▸ **Problem details**
Transcribe the records that follow exactly. Skip the pictures.

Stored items
== Segment start ==

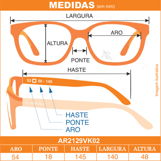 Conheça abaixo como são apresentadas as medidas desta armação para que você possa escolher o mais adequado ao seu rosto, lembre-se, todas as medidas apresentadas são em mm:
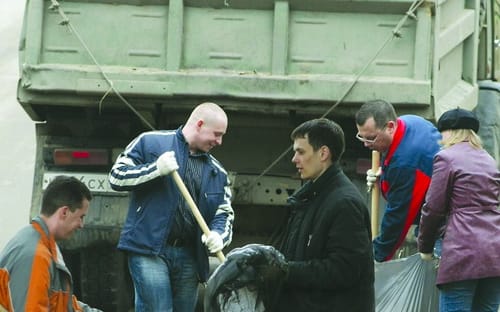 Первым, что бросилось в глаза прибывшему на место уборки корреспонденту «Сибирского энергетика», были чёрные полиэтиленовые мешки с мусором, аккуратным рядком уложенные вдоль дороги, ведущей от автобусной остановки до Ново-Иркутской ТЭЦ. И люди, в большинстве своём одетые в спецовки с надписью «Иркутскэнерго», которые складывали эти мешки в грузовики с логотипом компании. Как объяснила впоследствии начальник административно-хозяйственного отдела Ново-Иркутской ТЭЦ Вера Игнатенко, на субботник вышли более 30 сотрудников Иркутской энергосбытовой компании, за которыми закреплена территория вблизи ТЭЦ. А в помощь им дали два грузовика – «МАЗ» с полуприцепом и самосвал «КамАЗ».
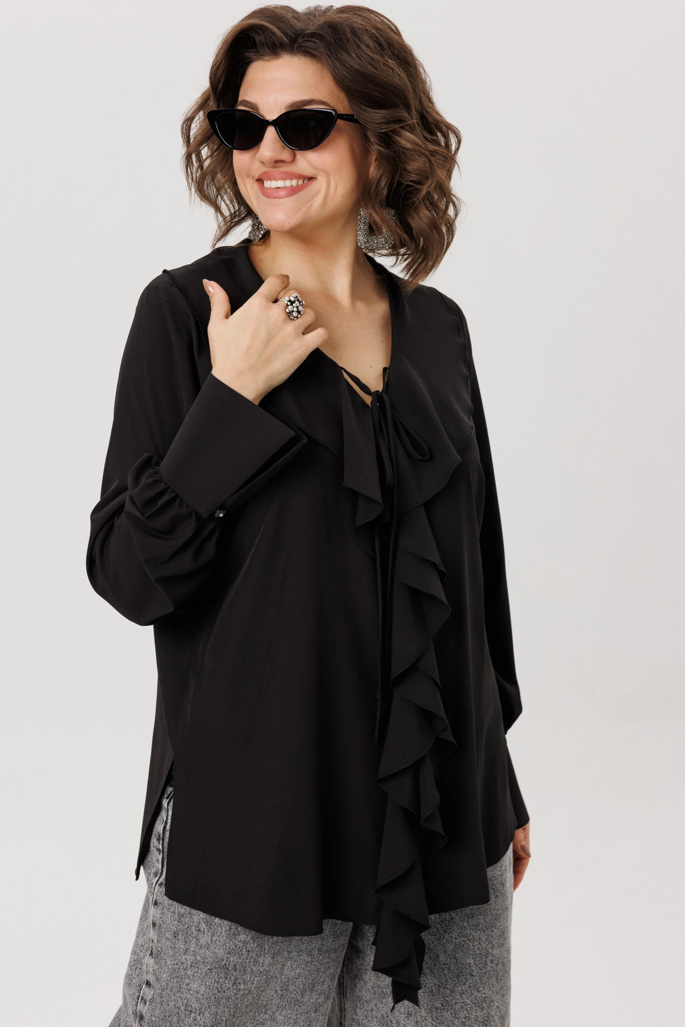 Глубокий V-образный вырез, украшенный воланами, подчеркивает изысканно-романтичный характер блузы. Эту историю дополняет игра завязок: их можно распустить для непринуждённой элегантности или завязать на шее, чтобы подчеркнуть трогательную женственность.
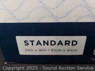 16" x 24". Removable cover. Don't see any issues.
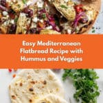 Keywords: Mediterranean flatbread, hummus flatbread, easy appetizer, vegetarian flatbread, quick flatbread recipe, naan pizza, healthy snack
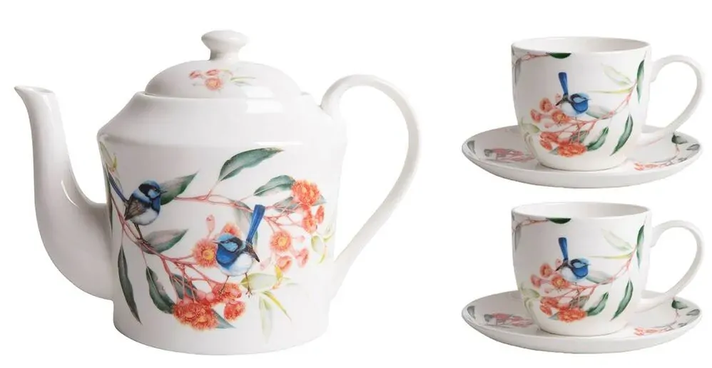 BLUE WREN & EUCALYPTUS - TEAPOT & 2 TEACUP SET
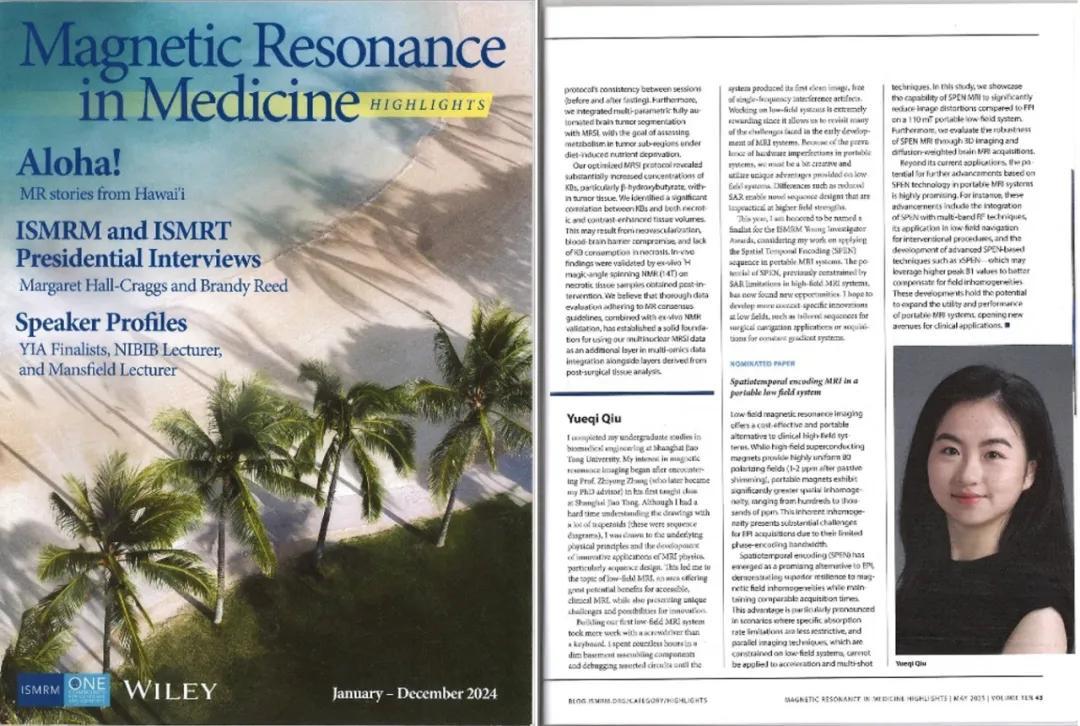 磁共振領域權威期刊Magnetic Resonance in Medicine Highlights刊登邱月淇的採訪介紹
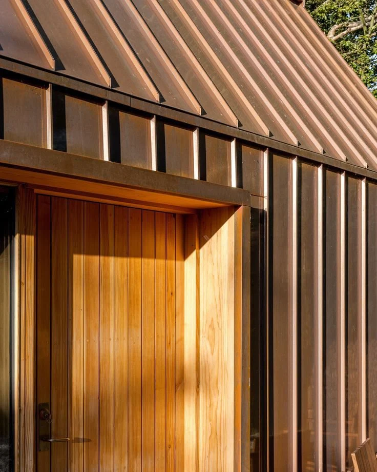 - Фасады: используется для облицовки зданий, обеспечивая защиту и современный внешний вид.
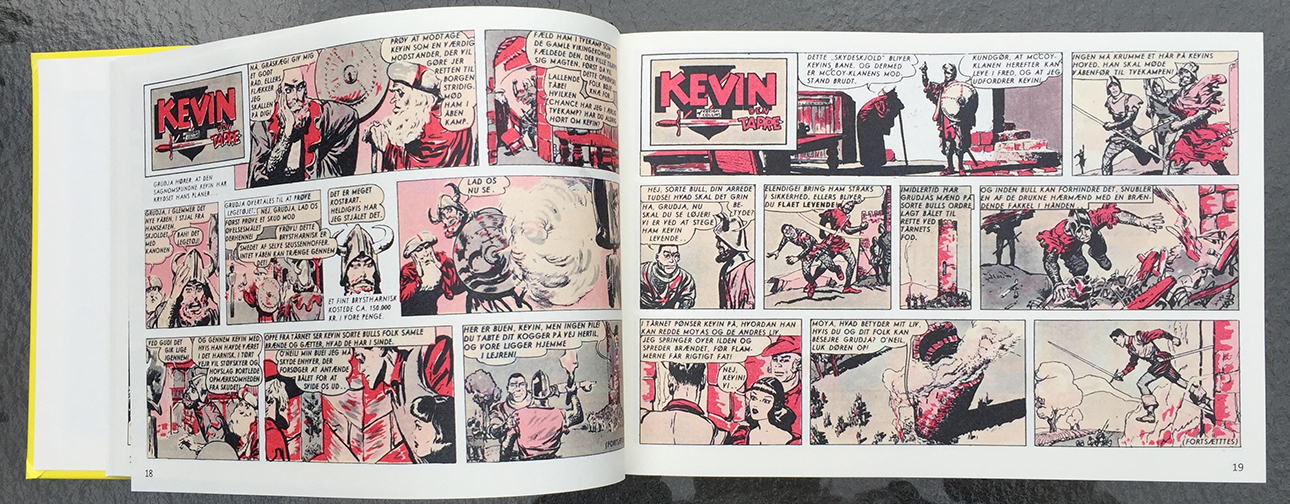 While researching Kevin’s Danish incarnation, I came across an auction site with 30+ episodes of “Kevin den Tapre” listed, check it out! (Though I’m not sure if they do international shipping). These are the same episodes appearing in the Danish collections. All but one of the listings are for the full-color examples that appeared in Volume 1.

== Segment end ==

▸ **Answer space**
 Conheça abaixo como são apresentadas as medidas desta armação para que você possa escolher o mais adequado ao seu rosto, lembre-se, todas as medidas apresentadas são em mm:
 Первым, что бросилось в глаза прибывшему на место уборки корреспонденту «Сибирского энергетика», были чёрные полиэтиленовые мешки с мусором, аккуратным рядком уложенные вдоль дороги, ведущей от автобусной остановки до Ново-Иркутской ТЭЦ. И люди, в большинстве своём одетые в спецовки с надписью «Иркутскэнерго», которые складывали эти мешки в грузовики с логотипом компании. Как объяснила впоследствии начальник административно-хозяйственного отдела Ново-Иркутской ТЭЦ Вера Игнатенко, на субботник вышли более 30 сотрудников Иркутской энергосбытовой компании, за которыми закреплена территория вблизи ТЭЦ. А в помощь им дали два грузовика – «МАЗ» с полуприцепом и самосвал «КамАЗ».
 Глубокий V-образный вырез, украшенный воланами, подчеркивает изысканно-романтичный характер блузы. Эту историю дополняет игра завязок: их можно распустить для непринуждённой элегантности или завязать на шее, чтобы подчеркнуть трогательную женственность.
 16" x 24". Removable cover. Don't see any issues.
 Keywords: Mediterranean flatbread, hummus flatbread, easy appetizer, vegetarian flatbread, quick flatbread recipe, naan pizza, healthy snack
 BLUE WREN & EUCALYPTUS - TEAPOT & 2 TEACUP SET
 磁共振領域權威期刊Magnetic Resonance in Medicine Highlights刊登邱月淇的採訪介紹
 - Фасады: используется для облицовки зданий, обеспечивая защиту и современный внешний вид.
 While researching Kevin’s Danish incarnation, I came across an auction site with 30+ episodes of “Kevin den Tapre” listed, check it out! (Though I’m not sure if they do international shipping). These are the same episodes appearing in the Danish collections. All but one of the listings are for the full-color examples that appeared in Volume 1.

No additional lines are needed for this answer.